Get divorced he is not committed to you


----------



## Marduk (Jul 16, 2010)

I think he’s lying and trying to spare your feelings, while trying to get out of this marriage. This is the cheater version of “it’s not you, it’s me.”

Let him get out of this marriage.


----------



## Bobbyjo (May 3, 2020)

Going through loss yourself on top of having him desperately ask you to remain in a neutral position isn’t fair to you. It also sounds like he loves you, but is very lost and confused. The only advice I can offer you is this: I think you are making the right decision. Focus on yourself and your kids. Love him from a distance and offer him compassion because of his confused state and recent loss. his struggle is internal and he is seeking something external to fix the problem. In my personal opinion, external things or people does not fix issues. I’m a believer that everyone is responsible for their own decisions. I also believe that every choice and action offers lessons to learn. However, you don’t need to immerse yourself in his world with him. You are going through your own grief by your experience of this betrayal. I don’t know if you are a spiritual person, but by putting your focus and trust in someone bigger than you can offer a lot of peace and comfort. I offer a prayer for you and your family.


----------



## Tdbo (Sep 8, 2019)

Make the choice for him.
Go ahead and file.
You can always delay or withdraw the petition if he honestly and legitimately shows remorse.
However, you'd be much better off flushing him.


----------



## Openminded (Feb 21, 2013)

First of all, you need to wake up and let go of that romantic view of your marriage. It’s not real. There is no “us” to give up on now. No great, endless love. What you have is a very selfish man who’s been playing you for quite some time. You need to step back from him and all the BS he’s handing you as you sit around waiting on him. 

As to what he’s actually doing? One possibility: He wants the comfort and security of marriage plus the fun and excitement of a side piece. He’ll tell you whatever he has to in order to keep you hoping he’ll eventually choose just you. But he likely won’t. Why? Because he wants both. My suggestion is quit listening to him and focus on building your life without him. Maybe one day he’ll come back. If he does, then you can decide if you still want him (I would not recommend that). 

Or.

Another possibility: He’s been stringing you along as Plan B while he focused on Plan A (her) to see where that went and now he really is considering divorcing you for her. If he does, it may or may not work out with her and, again, maybe one day he’ll come back. I still don’t recommend taking him back under any circumstances because he knows now what he can get away with and who’s to say this won’t happen again (and again).

What you should be doing is focusing 100% on you and making your life better without him and his BS. Because it absolutely can be.


----------



## Openminded (Feb 21, 2013)

To answer your question: Yes, you definitely should let him walk away. But are you really strong enough to do that?


----------



## EleGirl (Dec 3, 2011)

@Utterly confused,

I added paragraphs to your post because a wall of text is hard to read. You will get more readers by using paragraphs.


----------



## EleGirl (Dec 3, 2011)

@Utterly confused,

My take on this is that your husband has constructed a scenario in his head that allows him to feel justified in cheating. He knows you very well and knows that if he concocts a sad story you will fall for it and be supportive on some level. That's quite a con job.

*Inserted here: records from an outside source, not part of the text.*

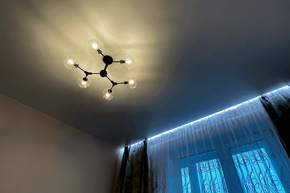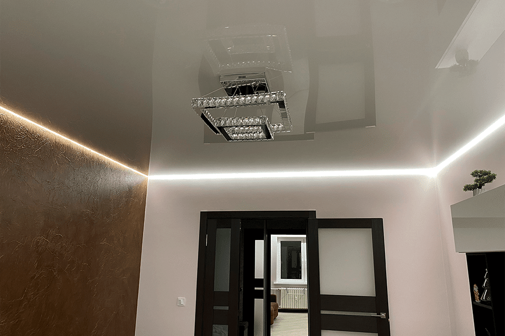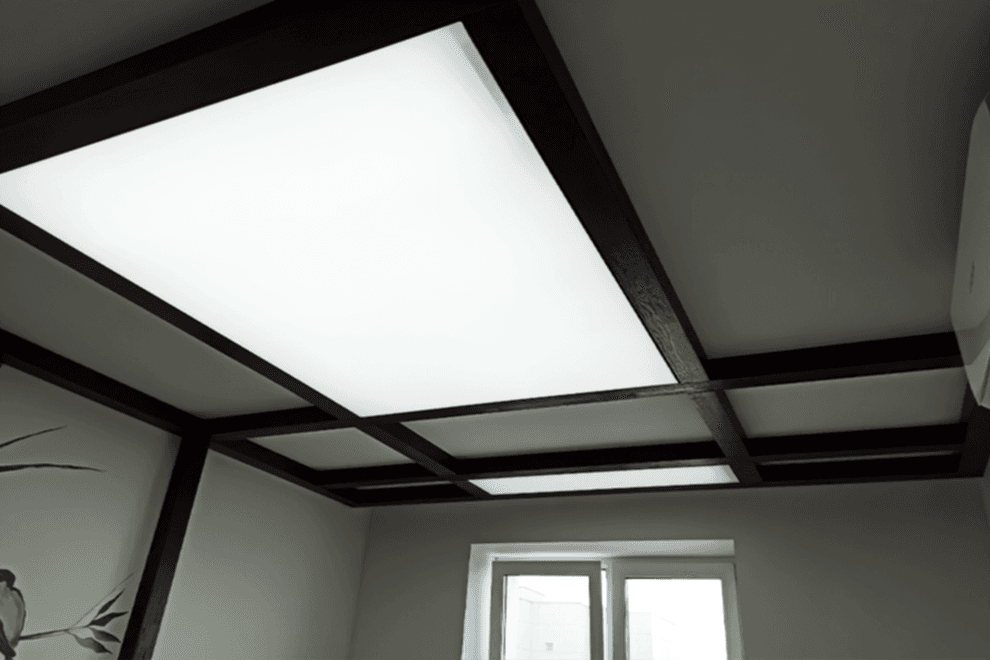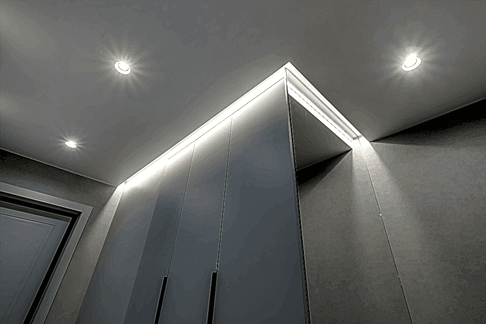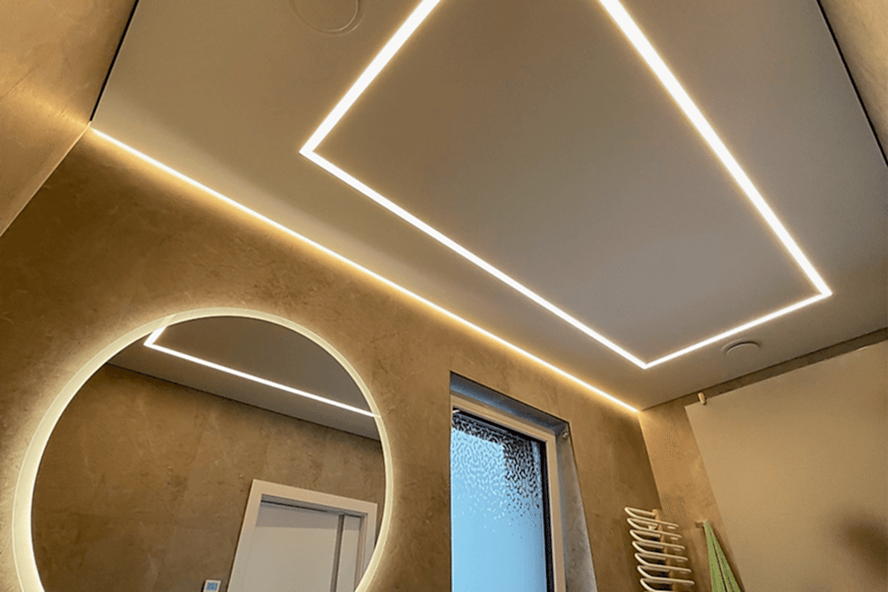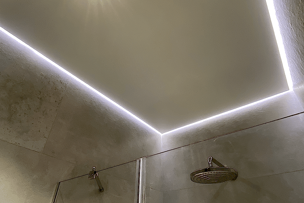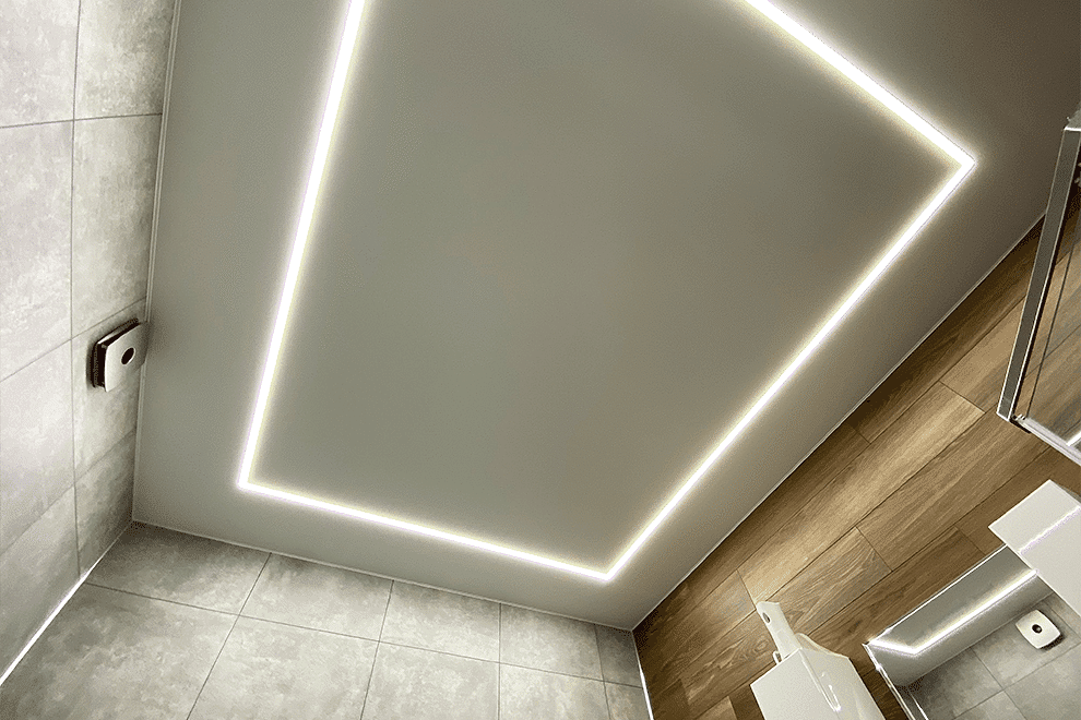 LED strips represent a type of ceiling construction where the LED tape is embedded into a special profile, covered with a light-transmitting cover, allowing the light to diffuse across the ceiling.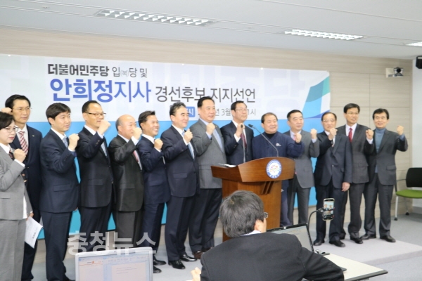 6일 오전에는 충남지역 전·현직 지방의원 및 전직 공무원 14명이 도청 브리핑룸에서 기자회견을 열고, "안희정과 함께 더좋은 정권교체와 시대교체를 실현하기 위해 민주당에 입·복당하며 안 지사를 지지한다"고 밝혔다.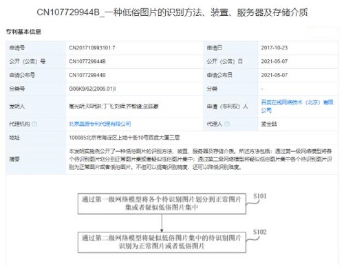 近日,百度在線網(wǎng)絡(luò)技術(shù)(北京)有限公司獲得“一種低俗圖片的識別方法、裝置、服務(wù)器及存儲介質(zhì)”的發(fā)明專利授權(quán),公告號CN107729944B,申請日期為2017年10月。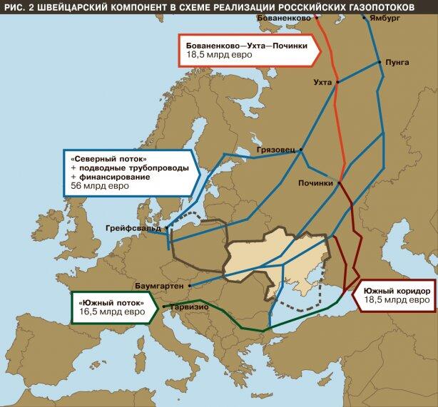 Для того чтобы указанная сумма растеклась по рекам и ручьям и попала на нужные счета нужных людей в разных странах, и необходим швейцарский компонент в схеме реализации "Южного потока" ( см. рис. 2).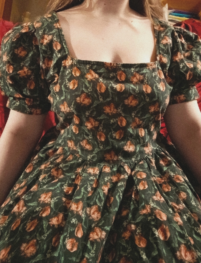 По конструкции у нас юбка платья - прямоугольники, рукав фонарик на нитке-резинке, воротник фигурный, вытачки по полочке только нагрудные из плеча, по спинке талиевые и плечевые.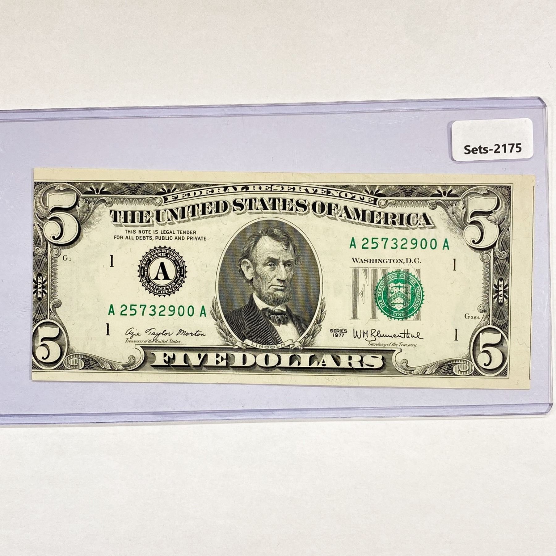 1977 Error $5 Fed. Reserve Note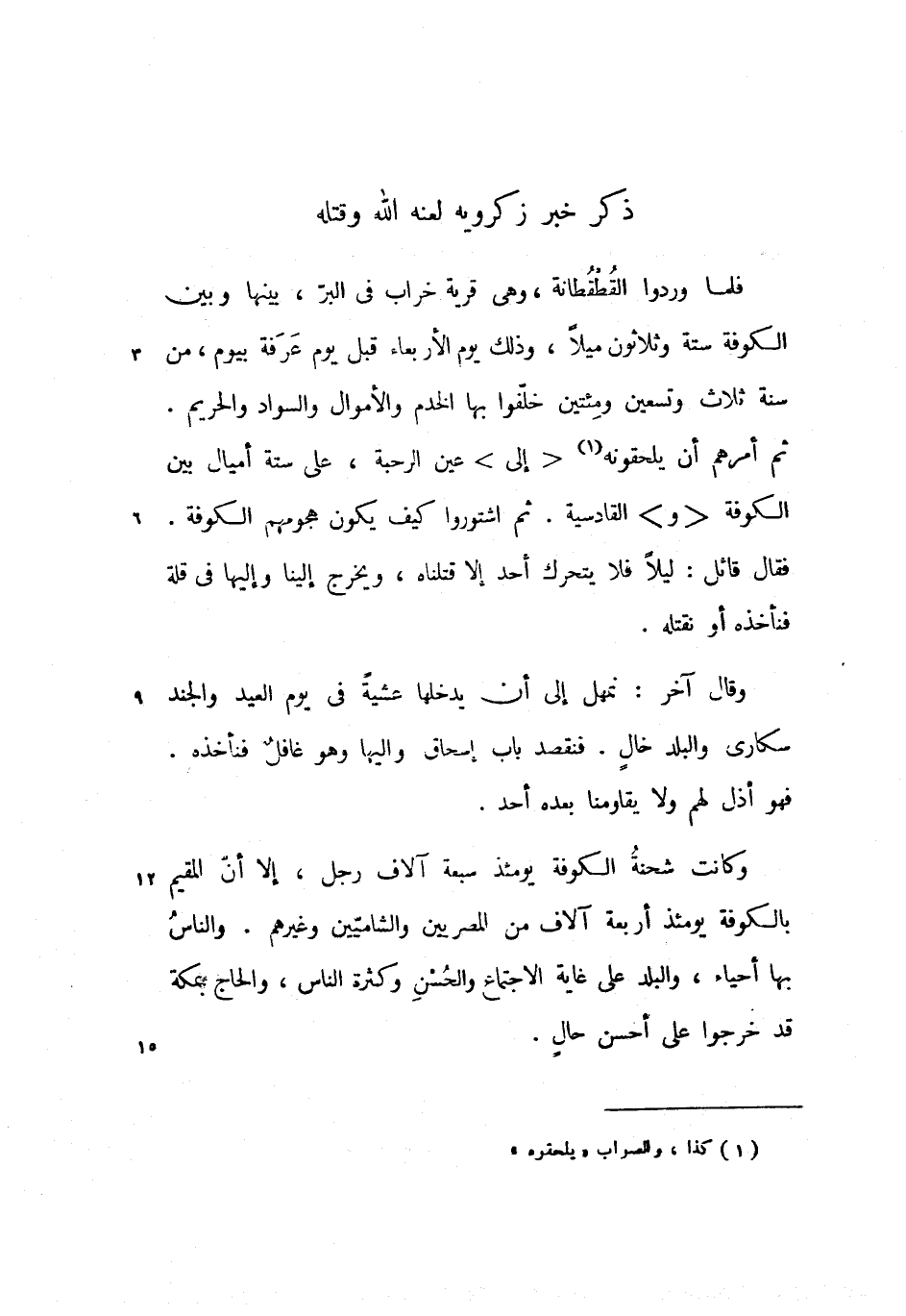ثم أمرهم أن يلحقونه <إلى> عين الرحبة، على ستة أميال بين الكوفة <و> القادسية. ثم اشتوروا كيف يكون هجومهم الكوفة.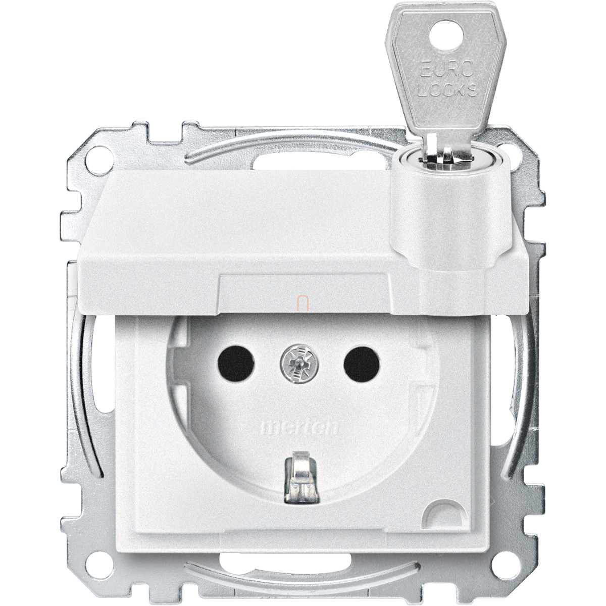 MERTEN 2P+F csatlakozóaljzat, biztonsági zsaluval, zárható csapófedéllel, rugós, 16A, System-M, mattfehér MEG2315-0419 Schneider

Your husband has wanted to keep you in a position so that if his affair does not pan out, he still has you, plan B.

Have you still been having sex with him when he comes over? 

At this point you should be interacting with him per the 180 (see the link in my signature block below). The idea is that you need to now protect yourself emotionally. That means interacting with him a little as possible. 

I also agree with the others that it's time for you to file for divorce. A divorce can be stopped at any time up until the judge signs it. Also, there is always re-marriage after a divorce. The idea is that right now all of this is not real for him. He has you and he has her. You filing for divorce does a few things... 1) it shows him that you are serious that he is losing you. This is not his choice, it's yours. Up to now it's all been good for him because he's in control.. you are waiting for him. 2) it will put a lot of pressure on his relationship with his affair partner (AP). Up to now she did not have to meet all of his emotional needs because you are meeting many of them still. Take yourself out of the picture. Make her have to meet all of his needs. When this happens with an affair, about 93% of the affairs end.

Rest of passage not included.